In 1799, the Robert Floyd family moved across the
river to present-day Clarksville, Indiana. Charles
father, a friend of Gen. George Rogers Clark, became
a town trustee. The Floyd family became prominent
in the new Clarksville Township. Davis, Charles
older brother, became a political and business leader.
19 year-old Charles was named the first constable
of Clarksville Township which extended all the way
to Blue River. Soon, Charles received the contract
to deliver mail in the area. No doubt these journeys
through the wilderness added to his outdoor skills.
In 1803, when Meriwether Lewis asked his friend William
Clark to recruit a group of young, unmarried and skilled
woodsmen and hunters for an expedition to explore
the West, Clark turned to his close friend Davis Floyd.
Perhaps Clark, as young Charles Floyds neighbor
in Clarksville, had already seen what Davis might
have told him, that Charles was an accomplished young
man of great ability.
Hundreds of young men from the region wanted to sign
on to the Corps of Discovery but Clark chose just
nine. Among the first? Charles Floyd and his cousin
Nathaniel Pryor.
On October 14,1803, Lewis arrived at the Falls with
several boats, including a 55-foot keelboat. The next
day, Lewis hired several Falls pilots to take his
boats to Clarksville. Lewis and Clark met at the Clark
cabin. On October 26, the party pushed off. The expedition
had begun.
During the first several weeks of the journey, as
the party moved down the Ohio, then up the Mississippi,
Charles Floyd lived up to Clarks estimations.
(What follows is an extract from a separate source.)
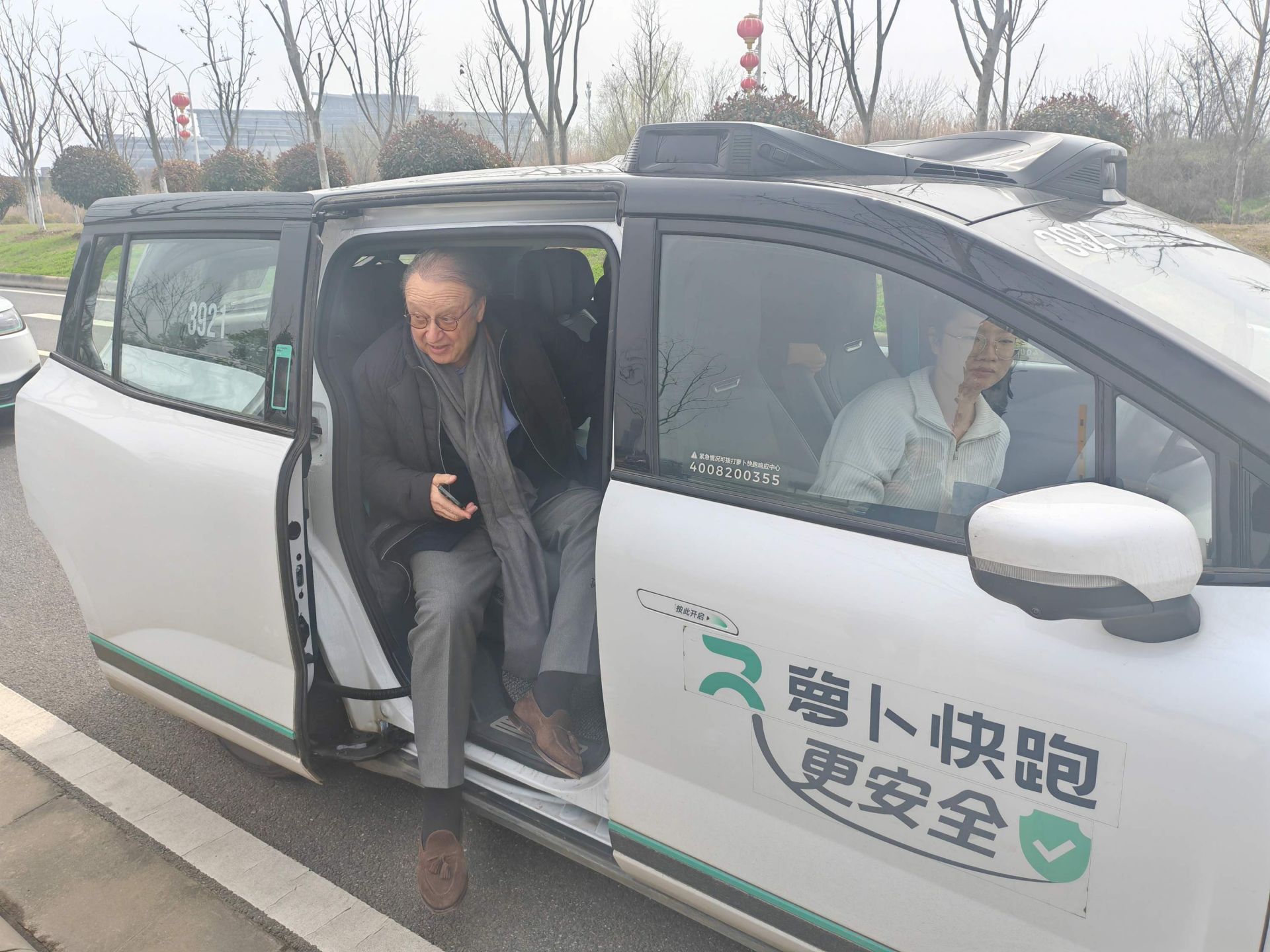 斯泰蘭蒂斯集團(tuán)副董事長(zhǎng)羅伯特·標(biāo)致試乘體驗(yàn)蘿卜快跑。通訊員供圖

He was put in charge of one of three squadrons and
given the trusted job of running messages between
Lewis and Clark and to local officials.
After wintering in modern day Illinois near the mouth
of the Missouri, the party moved up the Missouri in
May, 1804. Floyd kept a daily journal, recording weather,
events and the trips progress.
For the events of May 14, 1804, he wrote:
"Showery day Capt Clark set out at 3 oclock for
the western expedition the party
Consisted of 3 Serguntes and 38 working hands which
manned the Batteaw and
Two Perogues we sailed up the missouria 6 miles and
encamped on the N side of
the river."
Over the summer, the Corps moved into Indian country,
ascending the Missouri and seeing vast prairie grasslands
for the first time. By late July, the men were on
the edge of the Great Plains.
On July 3rd, Floyd recorded in his diary:
"I am verry sick and Has ben for Somtime but
have Recoverd my helth again."
On August 19, Floyd collapsed in pain. On August 20
he died, under sail with the men of the Corps, under
a bluff on the Missouri River. Before he died, his
words to William Clark were, "I am going away.
I want you to write me a letter."
Floyd was the first American solider to die west of
the Mississippi.
Today, a monument commemorating his life stands near
his gravesite at modern day Sioux City, Iowa. Lewis
and Clark named a small river nearby Floyds
River, a name it holds still.
Facial reconstructionist Sharon Long of Laramie, Wyoming
cast Sgt. Floyd's head and face from a mold of his
original skull. She is one of a handful of experts
who has earned the admiration of many noted forensic
anthropologists, law enforcement officials, museums
and educational institutions in the nation. In collaboration
with scientists and anthropologists, she has completed
reconstruction on human skulls found at numerous historic
and prehistoric excavation sites such as Easter Island,
Chili, and Jamestown Fort, Virginia.
Upcoming
projects include reconstruction of a Chamorie culture
skull from Saipan and the eight men who drowned on
the Hunley Submarine that sank at Charleston Bay,
South Carolina during the Civil War. Ms. Long has
appeared in five documentaries, including National
Geographic Explorer TV, The Discovery Channel and
PBS.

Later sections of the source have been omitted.